Hawaii landlords must give tenants at least five days in which to pay the rent or move. If the tenant does neither, the landlord can file for eviction.
This is the law on the subject:
§521-68 Landlord's remedies for failure by tenant to pay rent. (a) A landlord or the landlord's agent may, any time after rent is due, demand payment thereof and notify the tenant in writing that unless payment is made within a time mentioned in the notice, not less than five business days after receipt thereof, the rental agreement will be terminated. If the tenant cannot be served with notice as required, notice may be given the tenant by posting the same in a conspicuous place on the dwelling unit. If the tenant remains in default, the landlord may thereafter bring a summary proceeding for possession of the dwelling unit or any other proper proceeding, action, or suit for possession.

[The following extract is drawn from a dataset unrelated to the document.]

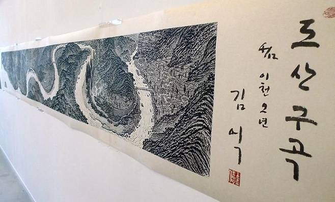 건물 들머리에 있는 대작 < 도산구곡 > 입니다. 정말 긴 판화입니다.
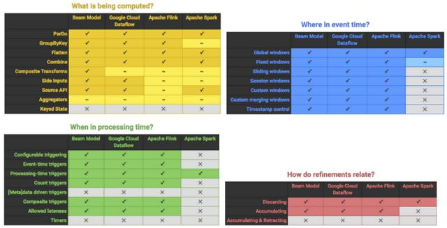 最后我们可以从Beam的角度来对比下Spark、Dataflow和Flink,Beam官网从“3W1H”这4个维度来横向比较Flink、Spark、Dataflow以及多种主流计算框架,如图16-7所示。

(b) A landlord or the landlord's agent may bring an action for rent alone at any time after the landlord has demanded payment of past due rent and notified the tenant of the landlord's intention to bring such an action. [L 1972, c 132, pt of §1; am L 1978, c 167, §1; gen ch 1985]
If the tenant is not gone for non-payment, or has not paid what is owed, then you can file complaint with the court having jurisdiction over the matter in your town to regain possession. When you win that suit (by showing your proper notice to evict or receive payment), the court will issue a writ of possession which demands that the tenant leave the premises. If he does not leave when he is supposed to, typically 30 days, then you can have law enforcement forcibly remove him at that point.